Пришлось Самуилу, как и вчера, уйти ни с чем.
Внешне это весьма походило на раскаяние. Сдержанность Юлиуса, болезненное отношение ко всякому упоминанию о Лотарио, потребность скрыть даже от лучшего друга те чувства, что отражаются на его лице при одном этом имени, — все эти признаки достаточно ясно говорили о происшедшей катастрофе.
Но все равно Самуил хотел иметь более надежные свидетельства, а чтобы быть вполне уверенным, что убийство совершилось, желательно обнаружить труп.
Алчное, лихорадочное любопытство, снедавшее его, на следующий день побудило Самуила к чему-то похожему на расследование, хоть это было и небезопасно.
Он принялся обходить окрестности Сен-Дени и Ангена, расспрашивать поселян, хозяев гостиниц, лодочников, не слыхали ли они каких-нибудь разговоров о несчастном случае, об утопленнике, о мертвом теле, о поединке?
Но никто не мог понять, что, собственно, он хочет сказать.
У него сохранились связи в прусском посольстве.
На следующий день он явился туда, отыскал второго секретаря и спросил, что случилось с Лотарио.
Секретарь отвечал, что понятия не имеет, однако послу все известно, и прибавил, что никто о нем не тревожится.
Здесь, наконец, намечался хоть какой-то след.
Самуил решил обратиться прямо к послу. Он подождал минуты, когда посол остался один, и просил, чтобы доложили о его приходе.
Посол велел передать, что он не принимает.
Самуил настаивал, говоря, что должен поговорить с его превосходительством о чем-то крайне серьезном.
Тогда секретарь провел его в кабинет.
Посол принял его холодно, сам остался стоять и не предложил посетителю сесть.
— Пусть его превосходительство извинит меня за беспокойство, — сказал Самуил. — Но речь идет о деле, весьма чувствительно задевающем меня и, смею надеяться, не безразличном и его превосходительству.
— Объяснитесь, сударь, — обронил посол ледяным тоном.

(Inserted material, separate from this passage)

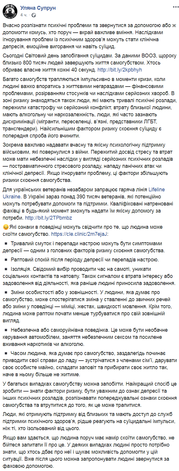 По случаю Всемирного дня предотвращения суицида, который отмечается 10 сентября, экс-глава Министерства здравоохранения Ульяна Супрун проинструктировала украинцев, как распознать потенциального самоубийцу. Этой теме она посвятила очередной пост на Facebook.
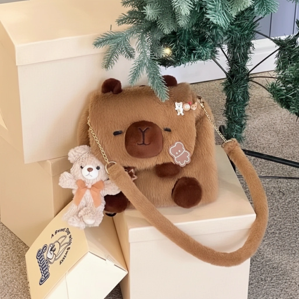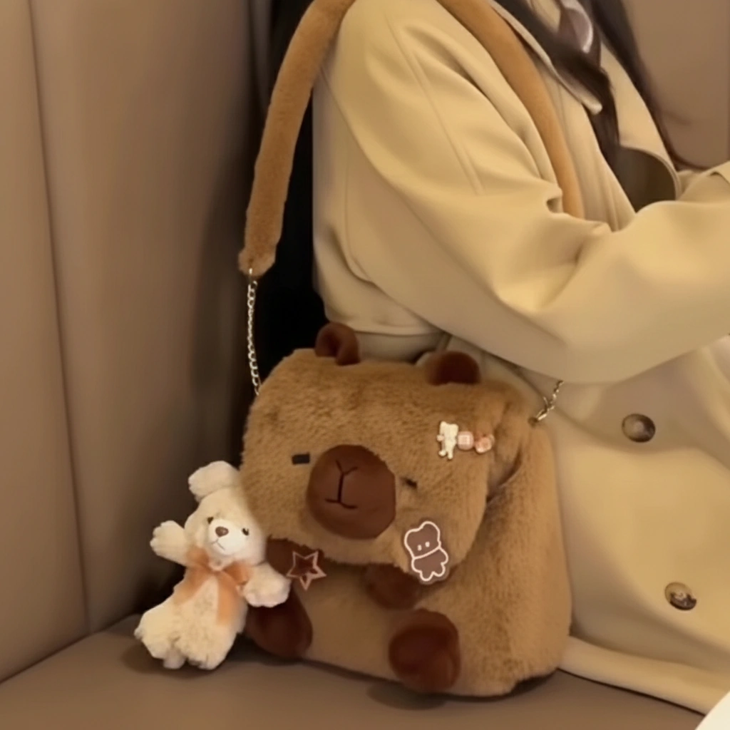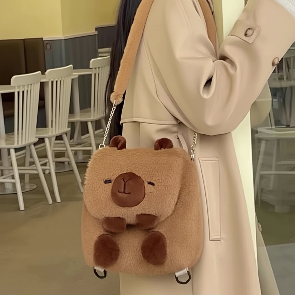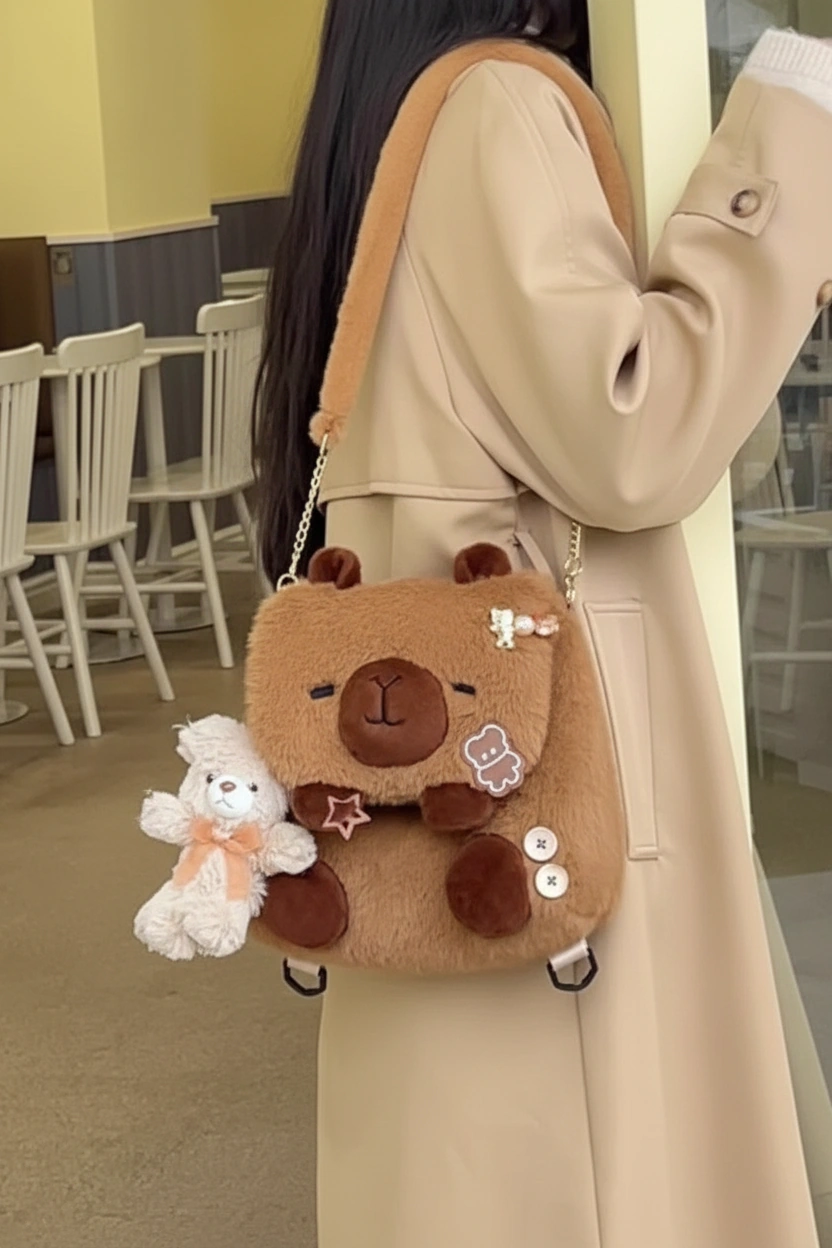 Your Blank Canvas for Cuteness Meet your new favorite creative companion! This Capybara Shoulder Bag is designed to be adorable on its own, but it shines even brighter when you make it yours. With its clean, fluffy surface and large flap, it serves as the perfect base for your favorite enamel pins, iron-on patches, or plush keychains. Whether you keep it minimalist or go maximum “kawaii” with decorations, this bag adapts to your unique vibe.

— Вот уже три дня как молодой человек, которого я любил как родного сына и к которому ваше превосходительство, по-видимому, также успели привязаться, я разумею Лотарио, исчез.
— Знаю, — все так же холодно произнес посол. — Так что же?
— Обстоятельства, известные мне доподлинно и, как я полагаю, ведомые также вашему превосходительству, заставляют меня опасаться, не случилось ли беды с этим юношей. Как мне сказали, вам известно, что с ним сталось. Я взял на себя смелость явиться сюда, чтобы осведомиться у вашего превосходительства о его судьбе.
Посол прервал Самуила едва ли не сурово.
— Господин Самуил Гельб, — сказал он, — Лотарио был моим секретарем. К тому же, как посол, я представляю во Франции Прусское королевство и его правосудие и призван наблюдать за нашими соотечественниками и оберегать их. Я не признаю ни за кем права более, чем я и чем его семейство, беспокоиться и любопытствовать насчет всего, что касается интересов Лотарио. Вы что, его родственник? Я знаю, что он исчез, но, как можете заметить, не склонен метаться, суетиться, расспрашивать всех вокруг, начиная от парижских лакеев и кончая лодочниками в Сен-Дени. Это все, что я имею вам сказать. Однако прошу запомнить: когда посол Пруссии хранит молчание, господин Самуил Гельб имеет право не задавать вопросов.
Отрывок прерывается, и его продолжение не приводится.